→ What is being asked: Restate the listing below word for word, and leave its pictures behind.

→ Recorded data:

======

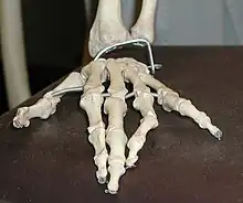 The phalanges are the bones that make up the fingers of the hand and the toes of the foot. There are 56 phalanges in the human body, with fourteen on each hand and foot. Three phalanges are present on each finger and toe, with the exception of the thumb and large toe, which possess only two. The middle and far phalanges of the fourth and fifth toes are often fused together (symphalangism).[1][2] The phalanges of the hand are commonly known as the finger bones. The phalanges of the foot differ from the hand in that they are often shorter and more compressed, especially in the proximal phalanges, those closest to the torso.[3]
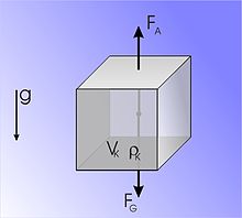 mit der Schwerebeschleunigung misst eine Waage für den in Fluid eingetauchten Körper die Kraft
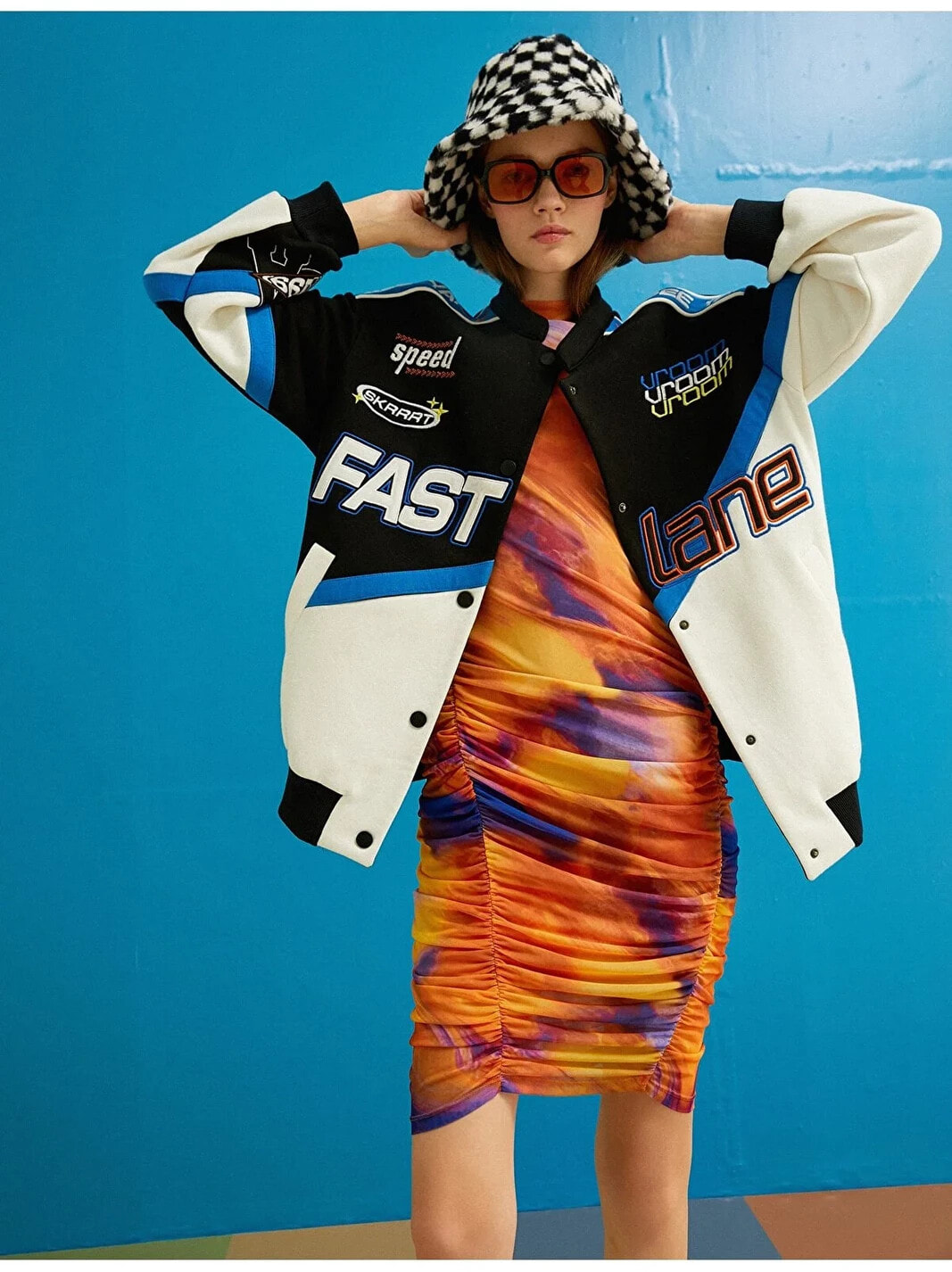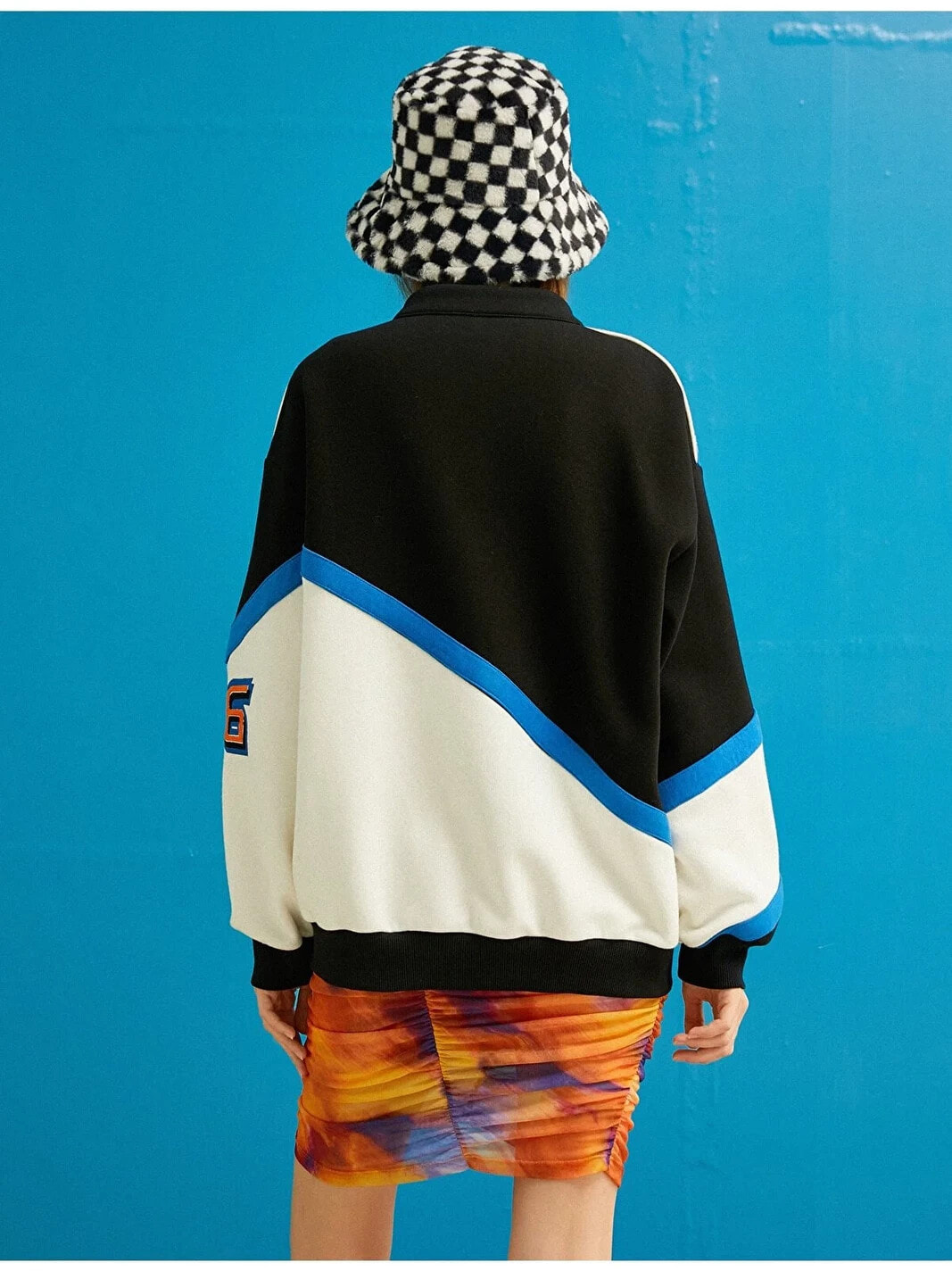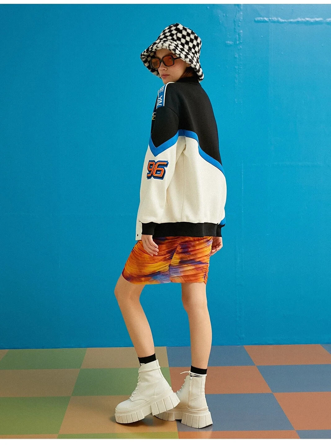 Baskılı, oversize, ribanalı kolej ceket.

======

→ Exercise output:
 The phalanges are the bones that make up the fingers of the hand and the toes of the foot. There are 56 phalanges in the human body, with fourteen on each hand and foot. Three phalanges are present on each finger and toe, with the exception of the thumb and large toe, which possess only two. The middle and far phalanges of the fourth and fifth toes are often fused together (symphalangism).[1][2] The phalanges of the hand are commonly known as the finger bones. The phalanges of the foot differ from the hand in that they are often shorter and more compressed, especially in the proximal phalanges, those closest to the torso.[3]
 mit der Schwerebeschleunigung misst eine Waage für den in Fluid eingetauchten Körper die Kraft
 Baskılı, oversize, ribanalı kolej ceket.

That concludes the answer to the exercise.